Is this just a paranoid fantasy?

The wealthy Irish real estate mogul who sold this six acre stretch of farmland to the Islamic Center has come under the radar screen of the Emir of Qatar, a Muslim leader who said of the real estate mogul:



"If there's one thing the west yearns, it is money. For it has worshiped this false god without fail for as long as they have departed from the worship of the true God. And it is this weakness, nay addiction that will see what they hold precious being wrenched from their spindly hands…”

Some time ago, I had a close Muslim friend; this fact is what makes writing this column somewhat difficult.

You see, you have to be careful when you write about Islam these days. If you criticize an aspect of Islamist life too harshly, you’re called an Islamophobe and a possible “hater.”

Here’s the rub: Omar’s (not his real name) brand of Islam can be described as moderate. He’s also bisexual, a fact that could get him into legal trouble if he were to take up residence in a Muslim country that follows Sharia Law. (Same sex relations are outlawed in 26 Muslim countries worldwide). Sharia law is Islamist religious law incorporated into the secular realm; it’s what the U.S. Constitution forbids in this country, namely the mixing of Christian or Jewish doctrine in the laws of the land. We know it, traditionally, as the separation of Church and state.

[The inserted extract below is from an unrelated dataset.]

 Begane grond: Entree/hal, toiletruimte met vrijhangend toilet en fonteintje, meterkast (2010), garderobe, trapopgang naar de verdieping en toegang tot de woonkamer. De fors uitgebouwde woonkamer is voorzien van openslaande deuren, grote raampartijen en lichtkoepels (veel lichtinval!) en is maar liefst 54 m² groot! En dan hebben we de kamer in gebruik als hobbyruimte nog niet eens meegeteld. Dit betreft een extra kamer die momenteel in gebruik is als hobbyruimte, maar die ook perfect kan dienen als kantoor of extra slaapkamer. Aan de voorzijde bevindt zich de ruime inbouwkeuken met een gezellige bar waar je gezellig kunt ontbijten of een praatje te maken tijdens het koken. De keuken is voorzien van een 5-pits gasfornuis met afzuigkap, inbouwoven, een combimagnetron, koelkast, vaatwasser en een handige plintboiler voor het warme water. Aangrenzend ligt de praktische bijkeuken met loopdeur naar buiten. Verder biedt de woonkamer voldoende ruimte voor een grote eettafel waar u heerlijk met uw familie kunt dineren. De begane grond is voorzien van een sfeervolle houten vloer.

In Sharia Law there’s no separation of Church and state. The laws of the “church” are the laws of the state. This means that gay people in Muslim countries don’t have the luxury of debating gay marriage or marching in Pride events. The penalty for homosexuality is death, death by hanging or death by having a stone wall fall on top of you. In more moderate Muslim countries where the death penalty is not proscribed for the “crime” of being gay, the couple may be subject to beatings or public floggings.

Medieval, you say? Of course it is. But what’s just as medieval is the fact that Sharia Law is becoming the rallying cry of radical Islamists who want to destroy any notion of a moderate Islam. Sadly it seems that the notion of moderate Islam is becoming more remote as time goes by.

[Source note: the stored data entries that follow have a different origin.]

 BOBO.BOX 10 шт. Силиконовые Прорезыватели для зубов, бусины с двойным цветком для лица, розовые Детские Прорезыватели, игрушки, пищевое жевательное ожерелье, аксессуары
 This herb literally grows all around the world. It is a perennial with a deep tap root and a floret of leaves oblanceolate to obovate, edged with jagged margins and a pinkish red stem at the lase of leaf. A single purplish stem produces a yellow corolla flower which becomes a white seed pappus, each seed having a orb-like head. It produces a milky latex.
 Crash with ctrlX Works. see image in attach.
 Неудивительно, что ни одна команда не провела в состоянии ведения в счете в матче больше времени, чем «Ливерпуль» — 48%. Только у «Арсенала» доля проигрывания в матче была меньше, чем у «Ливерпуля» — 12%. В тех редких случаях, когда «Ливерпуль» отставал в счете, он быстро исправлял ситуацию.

The cry for Sharia Law within the various Muslim enclaves in Western Europe has already become a serious problem. While I enjoyed hanging out with Omar, this doesn’t change the fact that in many Muslim communities in England nd France Sharia law is sometimes applied in a covert way within these communities despite the disapproval of secular authorities. Omar was embarrassed by this, and rarely wanted to talk about it. I didn't blame him. If I was writing this column in the 12th century during Christianity’s Inquisition, as a Christian, I’d feel the same sort of embarrassment, and I wouldn’t want to talk about it either.

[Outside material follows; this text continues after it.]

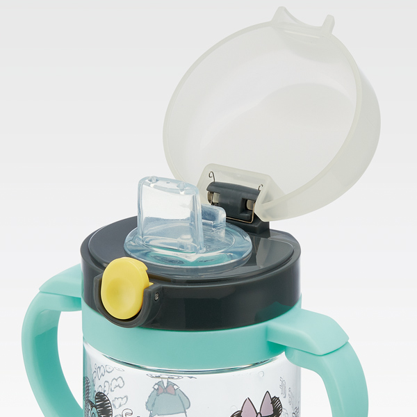 お子様でも扱いやすい、飲み口が柔らかいシリコン製です。少しずつ飲む事ができるので練習用にピッタリです。また、キャップを後ろに90度倒すと固定されるので飲みやすくなります。

Tom Trento, an evangelical Christian and a member of the Florida Security Council, came to Philly some time ago to showcase the film, “The Third Jihad” before 400 people who packed the Central branch of the Free Library. Among the people interviewed in the film was Ayaan Hirsi Ali, the former member of the Dutch Parliament who made the film, Submission, with Theo Van Gogh. Van Gogh was later killed by a radical for his portrayal [in Submission] of the treatment of women in Islamic societies.

At the end of the film, Trento spoke about “the silent jihad in Philadelphia.”

“Sharia law begs the question: can this coexist with a Constitutional Democratic Republic? Is there a way to bring these two together?” he asked.

Mr. Trento’s answer was an unqualified no.

Mr. Trento believes that most Americans are asleep when it comes to the silent jihad happening all around them.



“My intent is not to bash individual Muslims,” he said. “I want to confront a specific ideology of radical Islam that desires to implement Sharia Law in place of the Constitution of the United States. If anyone wants to mess with the Constitution, they become an enemy of the United States. So the issue isn’t Muslims; it’s where you stand on Sharia Law. If you’re for Sharia Law, you’re an enemy of the United States.”

Trento is convinced that the groundwork for Sharia Law lies in “peaceful” presentations by radicals.

“Whenever poison is introduced anywhere, it is to introduce it in a nice container of some sort,” Mr. Trento said. “The container used in the US right now is trying to rebuild the inner city…”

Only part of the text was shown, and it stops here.